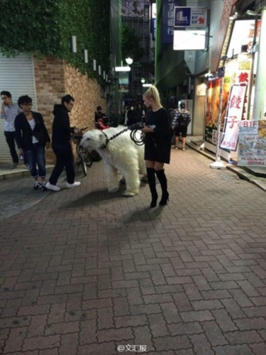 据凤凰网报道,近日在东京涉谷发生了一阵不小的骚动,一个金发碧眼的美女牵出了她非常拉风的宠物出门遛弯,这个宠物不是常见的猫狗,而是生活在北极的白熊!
++++++++++++++++++++
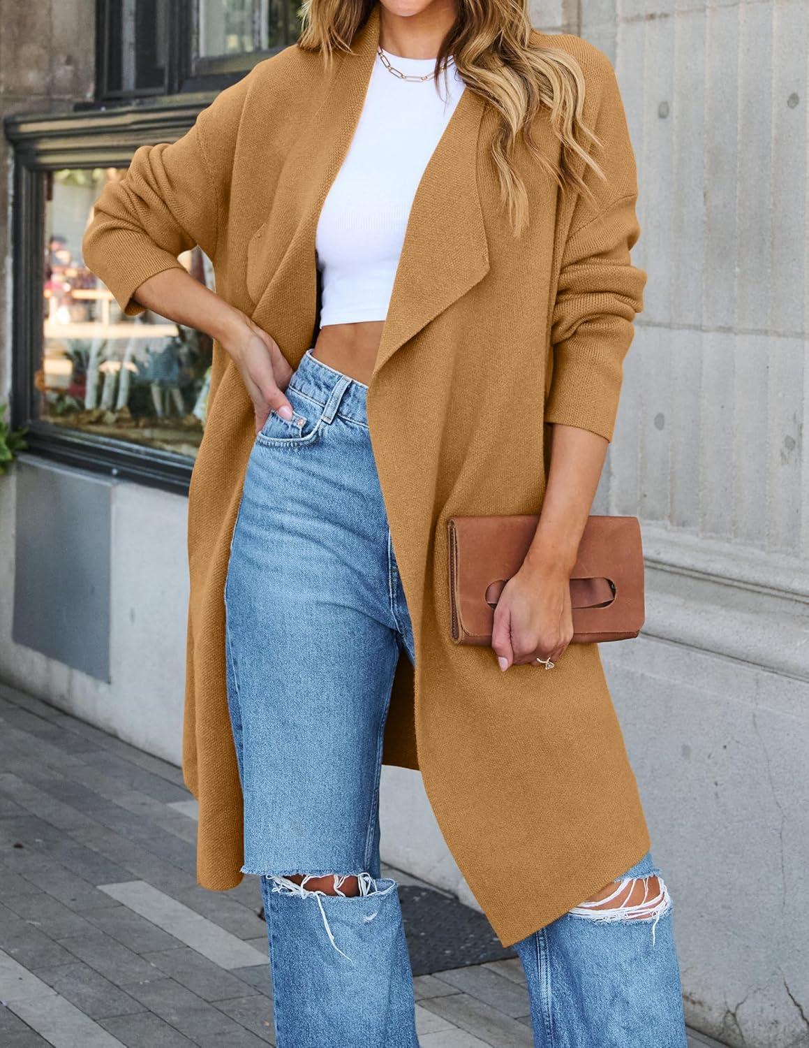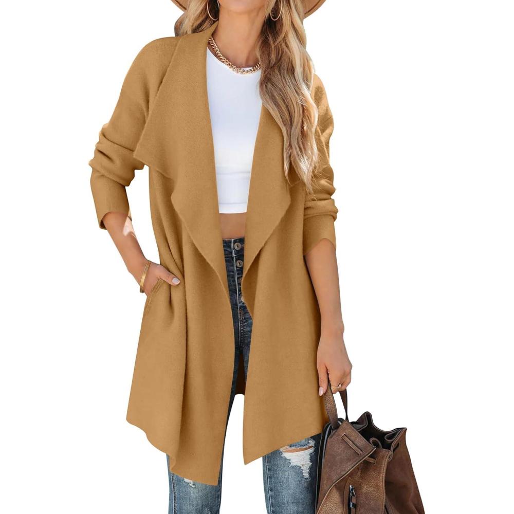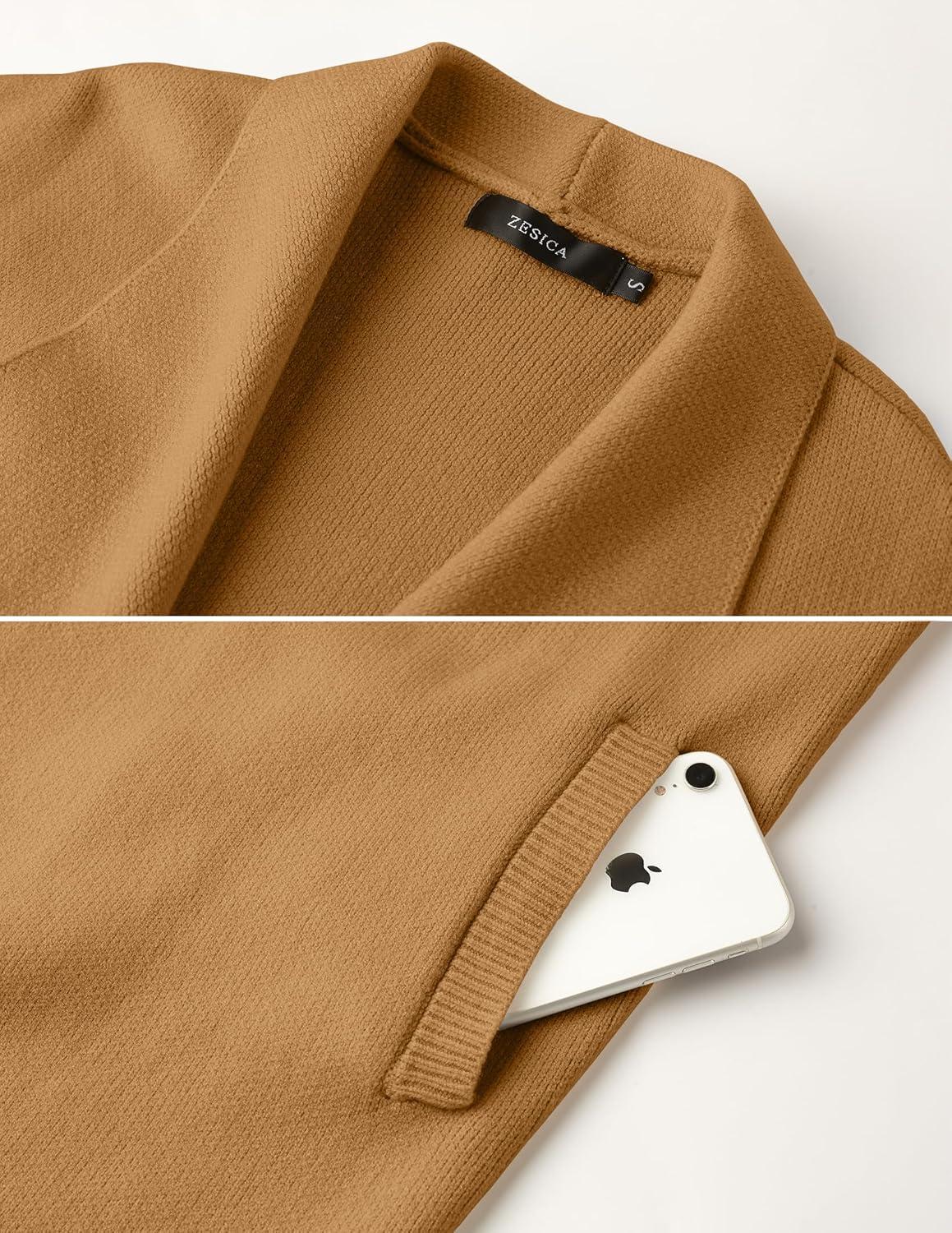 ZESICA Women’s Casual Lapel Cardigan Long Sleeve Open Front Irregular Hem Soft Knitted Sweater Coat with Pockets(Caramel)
++++++++++++++++++++
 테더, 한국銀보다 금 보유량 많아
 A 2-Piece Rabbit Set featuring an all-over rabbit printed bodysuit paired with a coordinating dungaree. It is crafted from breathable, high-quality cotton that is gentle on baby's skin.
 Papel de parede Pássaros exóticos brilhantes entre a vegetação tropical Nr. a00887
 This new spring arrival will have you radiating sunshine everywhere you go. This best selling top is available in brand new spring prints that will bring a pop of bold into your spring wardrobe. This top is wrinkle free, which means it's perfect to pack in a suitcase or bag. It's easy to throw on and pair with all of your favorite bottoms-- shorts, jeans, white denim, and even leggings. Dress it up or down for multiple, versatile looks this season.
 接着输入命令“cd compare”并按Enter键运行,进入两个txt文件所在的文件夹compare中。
++++++++++++++++++++
* _Problem description_
In the records above, find the line with "테더, 한국銀보다 금 보유량 많아"; write out exactly that line and each one after it, stopping after the line with "Papel de parede".

* _Solved problem_
 테더, 한국銀보다 금 보유량 많아
 A 2-Piece Rabbit Set featuring an all-over rabbit printed bodysuit paired with a coordinating dungaree. It is crafted from breathable, high-quality cotton that is gentle on baby's skin.
 Papel de parede Pássaros exóticos brilhantes entre a vegetação tropical Nr. a00887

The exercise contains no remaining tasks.